There are, of course, still itches to be scratched. By the end of this season it will have been 29 years since they last won a major trophy. Well, they’re still in the EFL Cup, with a home match against Crystal Palace at the end of October, and the FA Cup may get to its Third Round with Villa among the favourites to win it. Obviously, domestic trophies no longer carry the currency that they once did, but to win one would be a not-insignificant milestone in the rapid progress that the club has made over the last couple of years.
Such is the pace of modern life that it can be easy to forget just home far they’ve come, and how quickly. This week marks the second anniversary of Steven Gerrard being sacked as their manager, with the club in 15th place in the Premier League table and three points above the relegation places. Two days later they beat Brentford 4-0, the surest sign possible of just how far things had declined under their former manager. Just over a week later, Emery arrived. Villa finished the season in 7th place in the table, qualifying for European football for the first time in a dozen years.
Gerrard’s sacking was the watershed moment which finally cast off a shadow that had been hanging over the club for a long time. Finishing 13th in the Championship following relegation in 2016 was probably the low point, but it took them three years to get back into the Premier League, and once back those first three years were largely attritional rather than anything else, with 17th, 11th and 14th-placed finishes indicating that after several years away the club was taking some time to acclimatise to being back.

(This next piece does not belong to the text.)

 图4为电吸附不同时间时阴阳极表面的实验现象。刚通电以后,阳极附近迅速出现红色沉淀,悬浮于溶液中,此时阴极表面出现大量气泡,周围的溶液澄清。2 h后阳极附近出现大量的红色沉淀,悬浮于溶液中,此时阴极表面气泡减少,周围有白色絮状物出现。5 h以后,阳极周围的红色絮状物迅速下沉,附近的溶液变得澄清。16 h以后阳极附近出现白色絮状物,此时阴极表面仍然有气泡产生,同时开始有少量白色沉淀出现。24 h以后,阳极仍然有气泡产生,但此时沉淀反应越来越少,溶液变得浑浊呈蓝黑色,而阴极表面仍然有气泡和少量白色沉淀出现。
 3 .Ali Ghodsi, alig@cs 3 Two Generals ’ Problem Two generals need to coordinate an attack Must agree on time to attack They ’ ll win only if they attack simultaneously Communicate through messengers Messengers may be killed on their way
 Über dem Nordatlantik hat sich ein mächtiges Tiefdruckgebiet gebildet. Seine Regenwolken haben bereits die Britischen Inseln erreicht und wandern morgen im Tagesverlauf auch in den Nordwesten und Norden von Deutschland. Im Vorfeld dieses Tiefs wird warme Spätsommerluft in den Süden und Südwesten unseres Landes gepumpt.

But they survived those years and now they’re back, making clear year-on-year progress, and if anything arguably even stronger than the team that secured regular top-half finishes, regular European football, and that last trophy throughout the 1990s. Last season’s fourth place finish was, of course, was their joint-highest finish since ending first season of the Premier League in 1992/93 as runners-up to the eventual runaway winners, Manchester United.

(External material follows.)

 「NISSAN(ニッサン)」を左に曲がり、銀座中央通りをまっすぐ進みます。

And things are about to get tougher than they have been so far in the Premier League. November and December bring matches against Spurs, Liverpool, Chelsea, Newcastle, Manchester City and Brighton, among others. Meanwhile they also face Club Brugge, Juventus and RB Leipzig in the Champions League. It’s certainly not inconceivable that they could already be through to the group stages by Christmas.
Sol why shouldn’t they dream? The last time they won the European Cup in 1982, they finished their league season in 8th place in the table. Of course, the more that European club football has come to resemble a slog than anything else the more it’s benefitted the biggest clubs, but this season hasn’t seen them have it all their own way. PSG and Bayern Munich have only won one out of three. Milan are 25th, while Atletico Madrid are 27th.
They’re pretty much top of this byzantine snake of a league on merit (and only one goal on goal difference from Liverpool, but we’ll gloss over that for now). If they can’t enjoy this moment, when can they enjoy one? Aston Villa supporters have been through some tough times, this last decade. It’s time to enjoy something better.
Always refreshing to see the staus quo being challenged!